Bir kaşık yeterli… Vücuttaki iltihap anında kuruyor, ömür uzatıyor
İşte ünlü uzman diyetisyen Zehra Bora Kara ve alanında isim yapmış uzman diyetisyenlerin olmazsa olmaz, mutlaka tüketilmeli dedikleri besinlerden en değerlileri…
NAR: Diğer bütün kırmızı-mor meyveler gibi antioksidanlar açısından çokça zengindir. İyi huylu olmayan hastalıkları engellemekte ve yaşam kalitesini artırmaktadır. Bazı çalışmalar nar meyvesi, meyve suyu ve yağındaki bileşiklerin vücutta yayılmaya başlamış olan kanser hücrelerini yavaşlatmaya yardımcı olabileceğini göstermiştir. Her türlüsü için anti-tümör etkisi olabileceği belirtilmiştir. Kalp sağlığı için faydalı polifenollerden zengin olan nar, ayrıca faydası olmayan bakteri, mantar ve mayalarla, özellikle ağız kokusuna ve diş çürümesine neden olabilen mikroplarla savaşmaya yardımcı olan bileşikler içermektedir. En önemli özelliklerinden biri de yüksek lif içeriğiyle yararlı bağırsak bakterilerini artırarak bağırsak florasını desteklemesi ve sindirim sağlığını düzenlemesidir.
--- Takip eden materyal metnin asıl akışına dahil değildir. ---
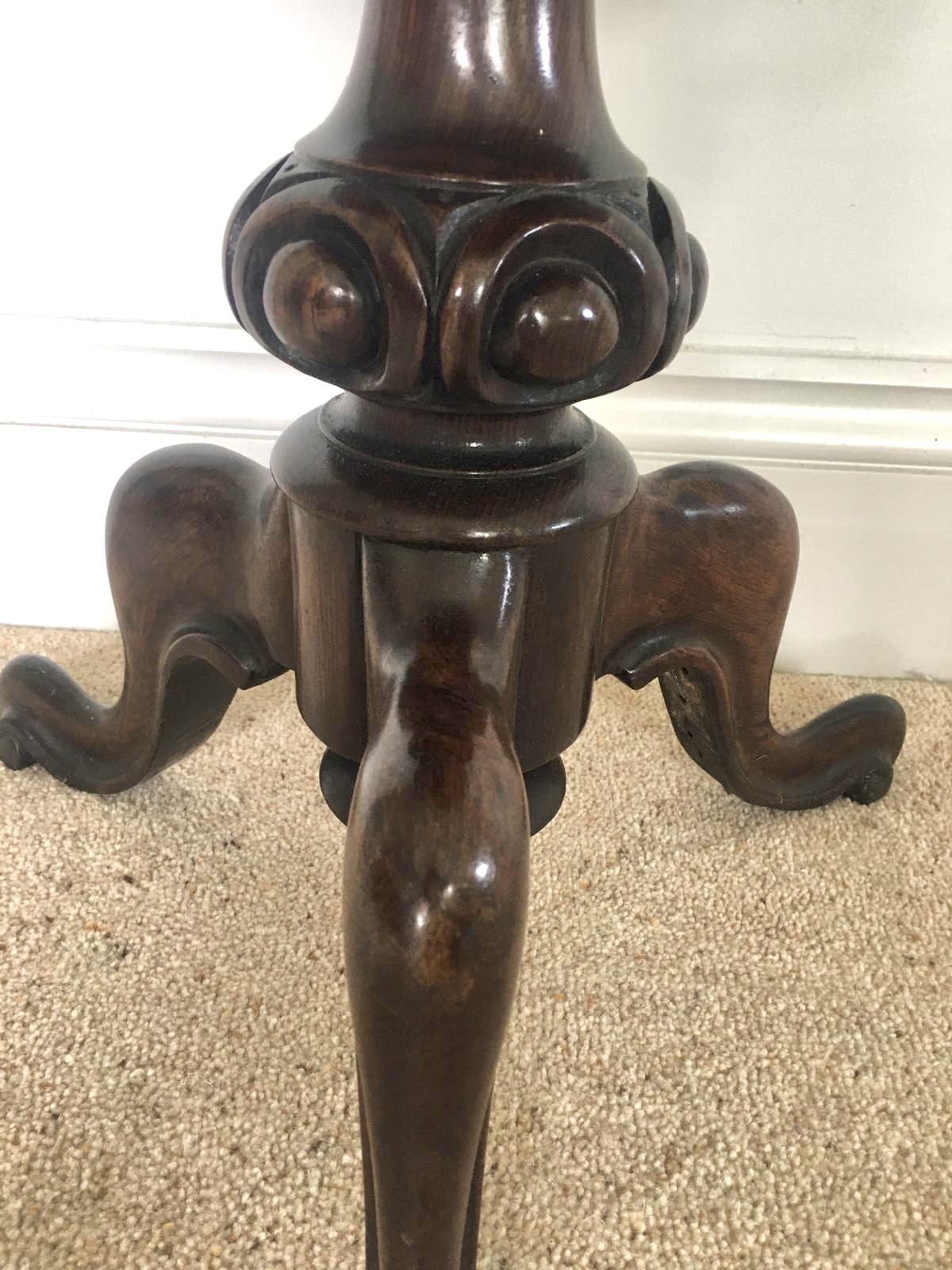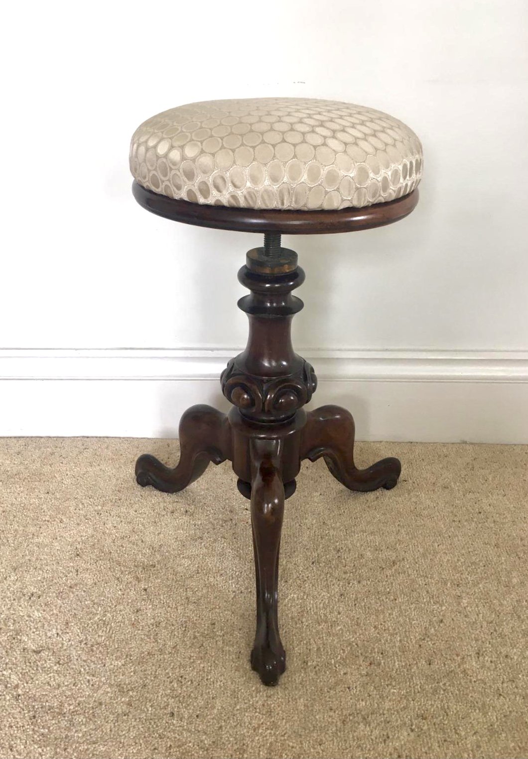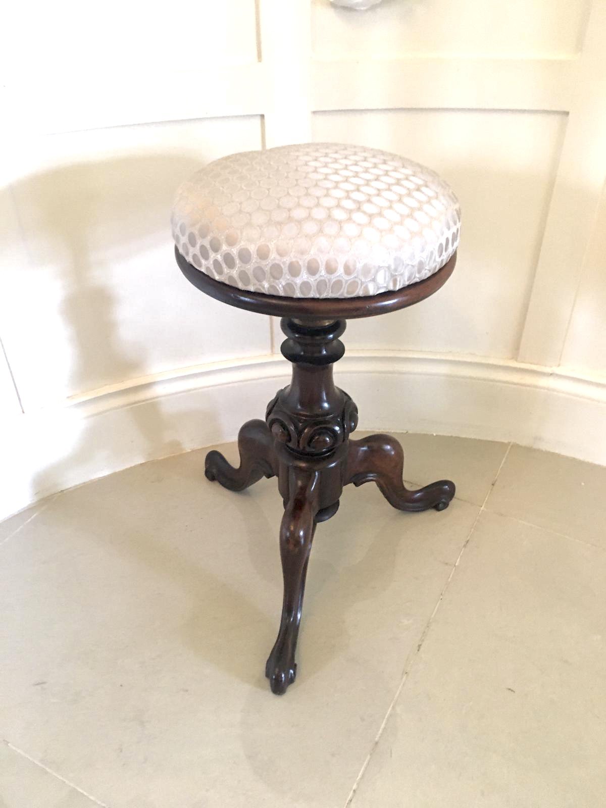 Antique Victorian walnut piano stool having a circle revolving seat newly reupholstered in a quality stylish fabric. It is raised on and elegant and carved solid walnut shaped turned column and stands on three solid walnut shaped cabriole legs with scrolled feet.

BALKABAĞI: Sağlık deposudur, demir, potasyum, magnezyum, kalsiyum, fosfor gibi vücudumuz için çok önemli olan bütün mineralleri ayrıca A, B ve C vitaminlerini de içermektedir. Demir, potasyum, kalsiyum, fosfor gibi önemli minarelleri içermesinden ötürü, sağlıklı kemik gelişimi ve demir eksikliğine karşı önemli rol oynamaktadır.
Balkabağı denilince renginin turuncu olması ile akla ilk A vitaminin öncüsü olan beta karotenler de gelmektedir elbette. Karoten içeriğinin yüksek olmasından ötürü de, kanser ile savaşmada kıymetli bir rol oynamaktadır. Başka bir artısı ise sindirim sistemimizi hızlandırarak kabızlık problemini lif içermesiyle ortadan kaldırmasıdır. Ayrıca lifli yapısı, kabızlığın yanında tokluğu artırmaya fayda sağlamaktadır. Bu durum bir sonraki öğünde daha kontrollü yemenize de yardımcı olacaktır.
ANANAS: Tropikalliği ile kendine çeken, vücuda faydaları anlatmakla bitmeyecek bir meyve olan ananas, C vitamini yönünden de oldukça zengindir. Ayrıca, lif ve manganez içeriği de oldukça yüksektir. Ananasın içeriğindeyer alan bromelain enzimi anti-inflamatuar özelliği sayesinde pıhtılaşmayı önlemektedir. Bu sayede de kalp krizi riskini en aza indirgemektedir. Aynı zamanda vücutta meydana gelen ödem ve inflamasyonu da etkili bir biçimde azalttığı bilnmektedir.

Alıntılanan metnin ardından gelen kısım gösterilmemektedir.